The 56-Inch Fist
Pakistan and China have forever been tricky and taxing neighbours, but of late New Delhi has lost leverage even with smaller nations in the region. An expert’s inquiry into why
- Published 11.03.18
Almost four years into the term of the Narendra Modi government, its foreign policy in South Asia is under the spotlight. Since the government began with an avowed policy of "Neighbourhood First", this focus on the current state of play is understandable. Foreign policy, after all, will be judged not by intentions but by outcomes. Several observers have pointed to the deteriorating ties with many of our neighbours and argue that India's standing in the region has declined - especially relative to that of China. Others have confuted these claims, insisting that the current trends are a manifestation of deeper forces such as democratisation and rise of identity politics in the region. New Delhi, they argue, can hardly be blamed for the way these play out.
While both sides in this debate make important points, it is essential to disentangle at least three sets of issues that tend to be mixed up. How can we decide whether India's regional standing has actually dipped over the past four years? To what extent has China contributed to this perceived decline? And how should India refashion its regional policy?
Start with the question of whether and why India's position in the region has eroded in the recent past. Here we need to distinguish between longer-term trends and determinants, and shorter-term developments. Amongst the former, we can identify at least four long-standing factors that shape India's engagement with its immediate neighbours.
The first is the structural asymmetry of South Asia. India is by far the largest, most populous and most powerful country in the region. It shares a boundary with every country in the subcontinent, but most of them do not share a border with another. Given its potential to be the 800-pound gorilla in the room, it is not surprising that most of India's neighbours regard it with wariness and resentment, if not suspicion and fear.
The second is that the identity of many states in the region is defined in sharp contradistinction to others. We tend to think of this usually in the context Pakistan, but in many ways it predates Partition and Independence. The first Partition of the subcontinent occurred in 1937, when Burma was split from British India.
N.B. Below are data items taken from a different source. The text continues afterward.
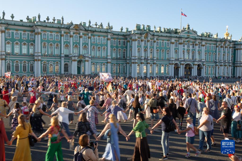 8月15日,民眾在俄羅斯圣彼得堡冬宮廣場跳圓圈舞。
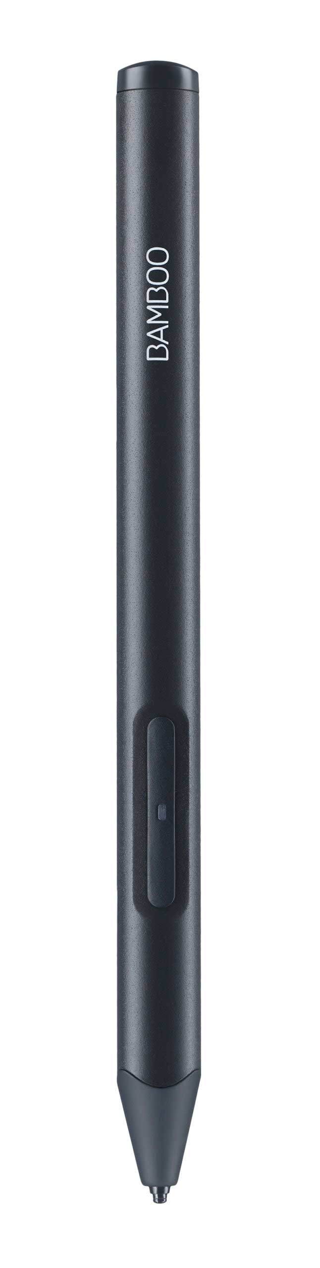 Der Bamboo Ink wird mit 3 feinen, austauschbaren Spitzen (weich, mittel und hart) geliefert. Dank seines dreieckigen Designs und der Soft-Touch-Oberfläche soll er angenehm in der Hand liegen. Der Stift erfasst den Druck, der auf die Oberfläche eines Windows-Geräts ausgeübt wird, kontinuierlich erfasst und übermittelt ihn an das Mobilgerät. Die beiden Seitentasten lassen sich mit Shortcuts (abhängig vom PC/Gerät) belegen.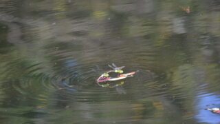 9月11日午前9時過ぎ、福田公園の調整池に落ちた枯葉で、ギンヤンマ産卵する。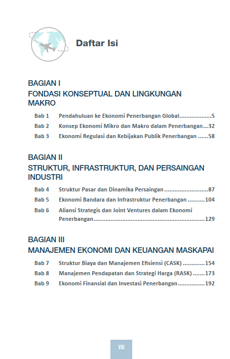 Buku ini dibagi ke dalam lima bagian besar yang saling melengkapi. Dimulai dari fondasi teoretis ekonomi mikro dan makro dalam penerbangan, pembahasan bergerak menuju struktur pasar, dinamika persaingan, infrastruktur bandara, dan strategi aliansi maskapai. Bagian selanjutnya menyoroti aspek manajemen ekonomi maskapai, termasuk tinjauan biaya, manajemen pendapatan, jaringan rute, dan transformasi digital. Pembaca juga diajak memahami isu-isu kontemporer seperti SAF, carbon pricing, Green ATM, elektrifikasi armada, urban air mobility, hingga disrupsi teknologi berbasis AI dan data.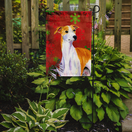 Decorate your space with Caroline's Treasures Christmas Whippet artwork on a Garden Flag. Enhance the beauty of your garden, patio, or yard with Caroline's Treasures Decorative Garden Flag, proudly made in the USA. Crafted from two pieces of thick, double-sided polyester fabric, this 2-ply garden flag is designed to withstand various weather conditions, making it water-resistant and weatherproof. Featuring correctly readable words on both sides, this garden flag offers a delightful visual experience from any angle. With its heavier weight, it stands out among other garden flags, ensuring stability and durability even in wind, rain, and snow. Measuring approximately 11 1/4 inches by 15 1/2 inches, this flag allows you to personalize your outdoor decor. It comes with a 1 1/2-inch sleeve sewn in, allowing easy attachment to any standard garden flag stand or garden size porch hanger (sold separately). Make a statement in your outdoor space with Caroline's Treasures Decorative Garden Flag, a vibrant and high-quality flag that adds color and personality to your surroundings. Proudly made in the USA, it's a symbol of quality craftsmanship and attention to detail.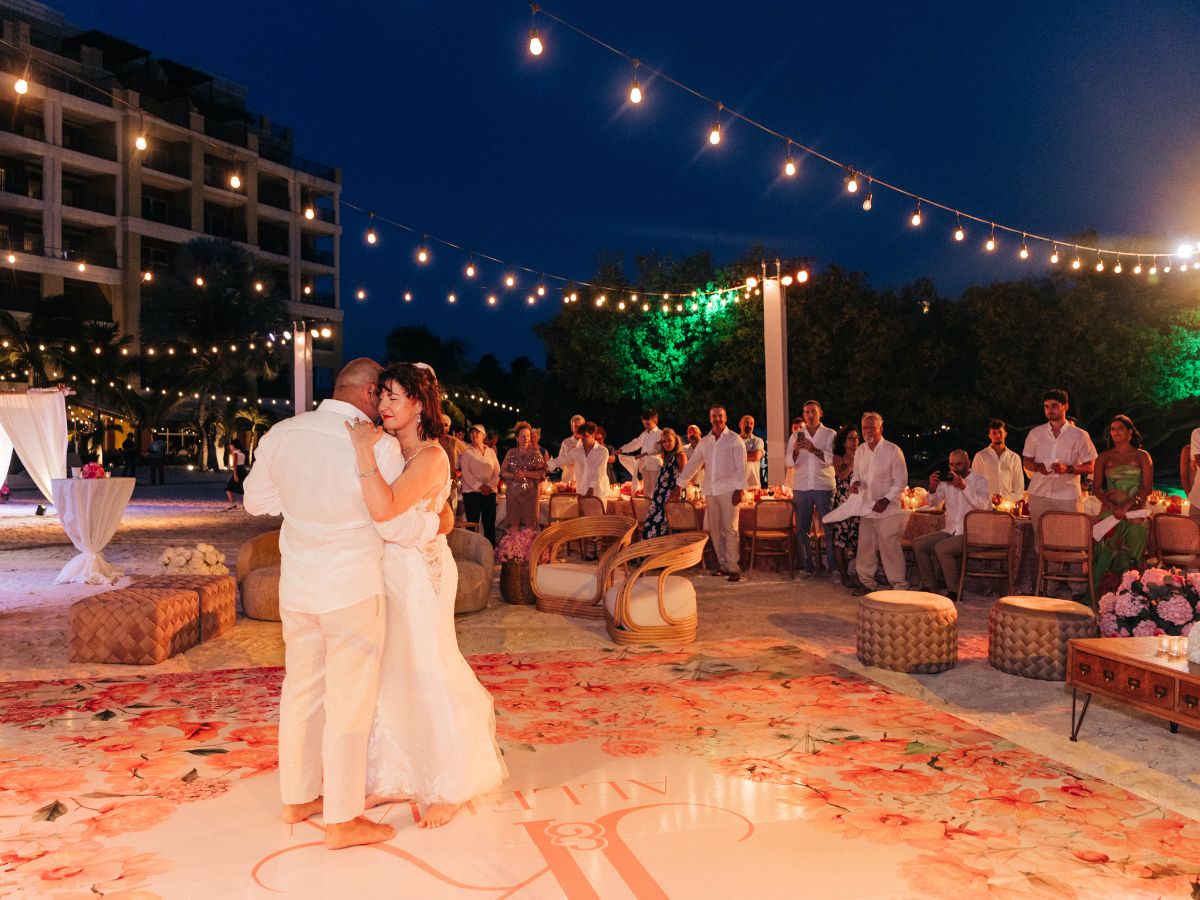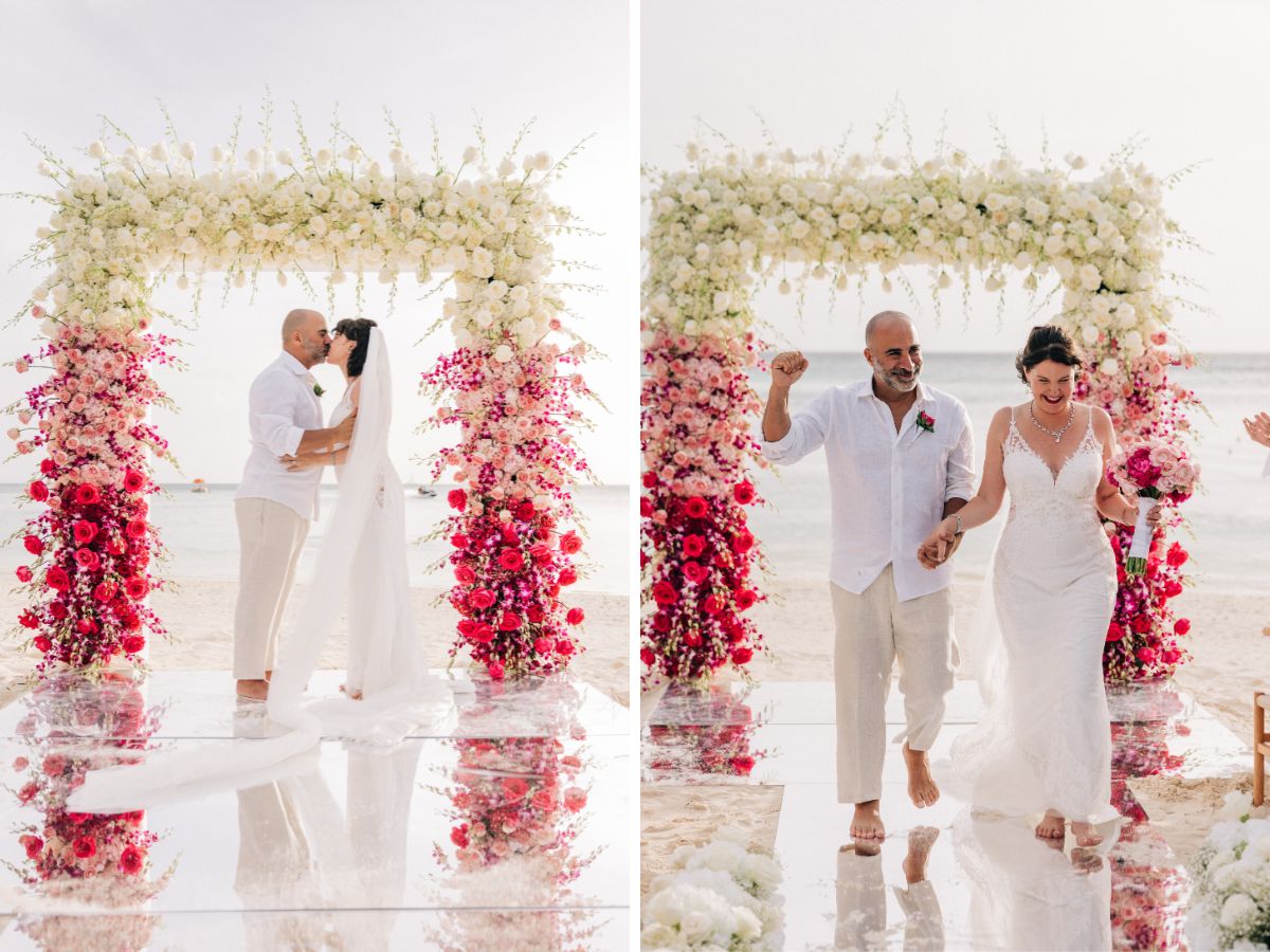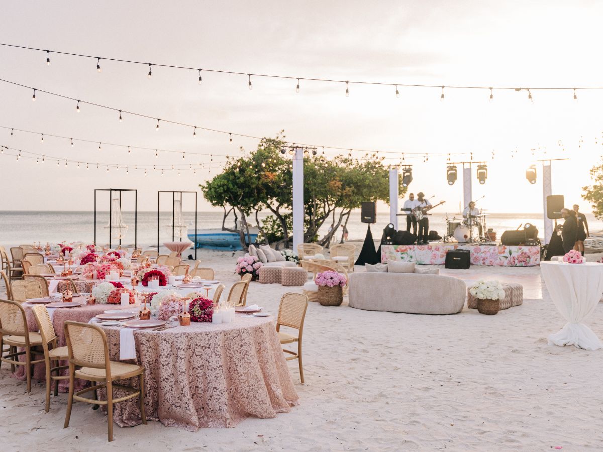 The reception was held right on the beach, perfectly blending the casual elegance of Aruba with Kerry and John’s personal style. Pink was the star color here, from the floral arrangements to the delicate table linens and shimmering copper accents. The attention to detail was remarkable—every element worked together harmoniously to create a romantic yet fun party vibe. I even caught a few dance floor moments that had everyone laughing and letting loose, reminding us all why weddings are such a joyous celebration.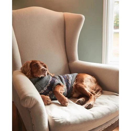 Barbour Case Fair Isle Dog Jumper in Grey boasts a unique design with a roll neck for elite comfort and warmth – great for colder months so that you can dog walk in style and be warm!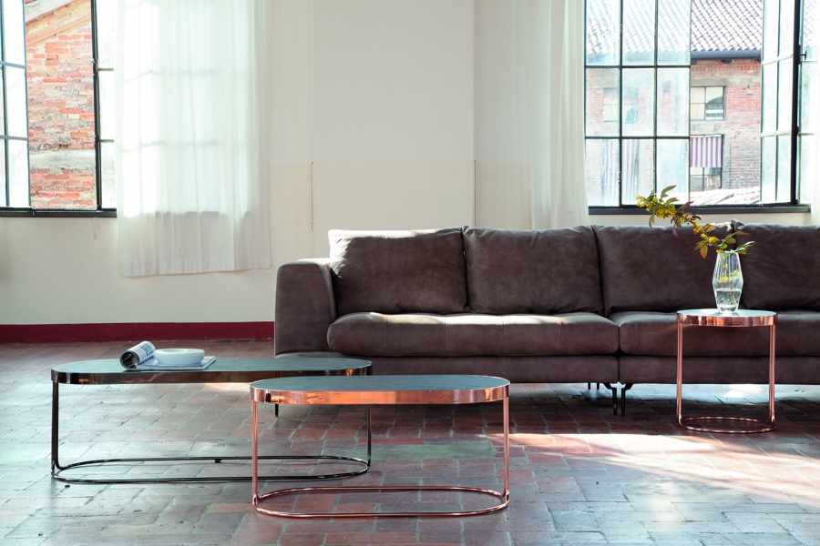 Estructuras cromadas de oro y pequeños planos de vidrio se funden en un juego de formas de las más variadas dimensiones para dar elegancia y dinamicidad a la sala.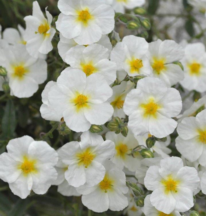 Stauden sind in der Gartengestaltung fast ein Muss, gibt es doch für nahezu jeden Standort die passenden Pflanzen. Das Garten-Sonnenröschen 'Eisbär' (Helianthemum 'Eisbär') ist zum Beispiel eine hervorragende Steingartenpflanze, genauso wie es in Blumenkübeln eine gute Figur macht. Mit seinen schalenförmigen Blüten in Weiss ist das Garten-Sonnenröschen 'Eisbär' von Mai bis August ein Blickfang. Dabei ist es nicht nur eine Augenweide, denn seine Blüten werden auch gerne von Bienen und anderen Insekten angeflogen. Seine lanzettlichen Blätter tragen ebenso zu seiner Wirkung bei. Sie sind silbergrau gefärbten. Da es sich um eine immergrüne Staude handelt, sorgen die Blätter auch im Winter für farbliche Akzente.

A key driver here was the emergence of Burmese nationalism with a strong anti-India tenor. Similarly, despite the association of Ceylonese and Nepali nationalist parties with that of India, there was always an edge to these relationships. More recently, we can see how the jostling of identities within Bangladesh invariably brings India into the picture.
The third factor is ethnic overlap across state boundaries. This, too, dates well before the region's postcolonial moment in the late 1940s: think of Tamil plantation workers in Sri Lanka, Gorkhas in Sikkim, migrants in eastern India from Bangladesh or Rohingyas in Myanmar. Despite the carving out of national boundaries and subsequent waves of movement and displacement, overlapping ethnicity, especially in borderlands, remains the norm in most states of the region. The upshot of it has been a blurring of domestic problems and foreign policy, and an accentuation of the problem of identity.
Lastly, South Asia has long been a site of uneven development and democratisation. States of the region have never converged on the norms of democracy: in particular, those against majoritarianism and violence. The interaction of these four long-term features has always complicated India's engagement with its neighbours - not least because India tends to become (in perception or reality) a factor in their internal politics.
However, these factors cannot by themselves account for the evident deterioration in our ties with countries such as Nepal or Maldives, nor for the turn that might be taken by Sri Lanka, Bangladesh or Myanmar should the current governments in those countries begin to dodder. No driver can excuse a car accident by pointing to the industrial revolution. To understand the fluctuation in these relations over the past few years, we need to focus on short-term developments.
To be sure, domestic politics among our neighbours are seldom driven, let alone determined, by India. Politics everywhere is local and outcomes are contingent. Yet because India is often in the mix with internal issues, political leaders might be tempted to adopt an antagonistic external stance for domestic pay-offs. Shrewd politicians such as Zulfikar Ali Bhutto and Junius Jayawardene played this well in the past - as more recently have K.P. Sharma Oli of Nepal, Abdulla Yameen of Maldives or Mahinda Rajapaksa of Sri Lanka.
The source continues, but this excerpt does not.